Jack tuned out the ticket seller, maneuvered around a man pounding on a money-grabbing cigarette machine, and pushed back through the glass doors. Returned to the street, Jack resumed his vigil, this time from an awning-covered bench in front of the depot’s large window. His eyes traveled to the other side of the street and then back to his own. He studied the passersby. What first seized his attention were their shoes, two kinds especially. Although summer had faded, several of the parents still wore white shoes, polished or buffed–bright white. The students, however, almost unanimously marched along in the de rigueur college footwear of the day–dirty white bucks.
He glanced at his own suitably grubby bucks. He remembered the time he’d gone home after freshman year and, finding his shoes parked on the floor, his mother had washed and polished them. Tried to do him a favor, she said. She couldn’t understand his irritation. What was he learning at that college anyway? Jack’s new life since he’d left the place and gone off to New England all seemed mysterious, alien, to her. But it also intrigued her, her son—a college boy.
Cars rolled by delivering parents and alums to the campus under fluttering white banners stretching above the street and proclaiming in block red letters, Welcome Parents and Alums. The cars were mostly new, large, expensive, and American made. Marcie Tibbetts waved to him from the window of her parents’ Lincoln, no doubt headed for the Windsor Hotel, the place to stay. Jack tossed her a quick smile and waved back.
The street bristled with people; they paraded back and forth on both sides, faces illuminated by the flattening rays of the late afternoon sun. Most male visitors had opted for gray or beige trousers, polo or madras shirts, and blue blazers, save for the old grads who embraced the Wilherst College colors by sporting dark red blazers. The ladies, too, for ladies they aspired to be in those days, dressed in a manner complementing the spouses, some substituting cardigans for blazers. A few women already had donned camel hair coats; Jack thought they were jumping the season.

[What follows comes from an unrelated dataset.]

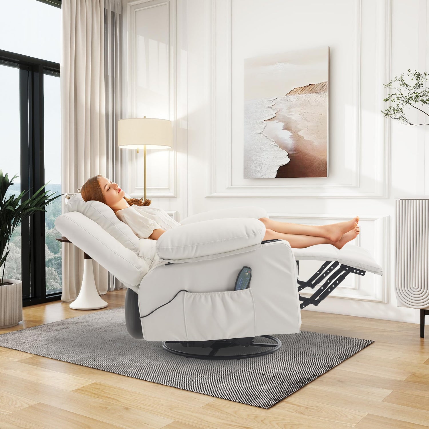 Swivel Rocker Recliner with Massage & Heat, Overstuffed Faux Leather Recliners Modern Chair for Living Room, Single Sofa Rocking Chairs for Adults, Manual Rocker Recliner with Cup Holders, White

Acquaintances renewed their ties, long ago fraternity brothers playfully jostled each other, students introduced parents, and souvenir seekers flocked into the co-op and bookstore and came away clutching bags loaded with hats and shirts and banners and more. Vendors patrolled the sidewalks hawking pennants, buttons, seat cushions and other paraphernalia; they called out, Big game tomorrow. People laughed, burbled, and, in the case of two grads who had started early on the imbibing, offered a less than tuneful rendering of the Wilherst alma mater. Cameras changed hands as groups of friends and relatives draped arms over shoulders and posed for pictures. Say cheese. They all seemed so happy, so much at ease, Jack thought, so damned happy.
Where was the bus? People he knew saw him sitting on that bench. A couple of his fraternity brothers cruised by in a dark gray Porsche. Hey, Jack. What’s up? He pretended not to see or hear them. They probably wondered why he was there in front of the bus station. Jack wished it was on a side street. He wanted to disappear. Other people’s parents arrived by plane or train or by car–not on the bus.
At last the Coast to Coast Lines bus pulled in, emitting a great whooshing sound, as if relieved to have come to rest after sustained labor. Two or three students came off, followed by an assortment of town folk, back from who knew where. The townies seemed eager to get clear of what Jack overheard one of them refer to as this college bunch. Finally, Jack’s father, Homer Shaw, stepped off the bus, put down his suitcase, and then climbed back up to lead Jack’s mother, Estelle, down by the arm.
Damn, Jack thought, I asked him to get rid of that suitcase. To Jack’s discomfiture, he knew on sight the battered, cheap-looking case that had gathered dust in the attic ever since he could remember. Jack made a quick survey to see if anyone else might have noticed the luggage. Relieved, he guessed not.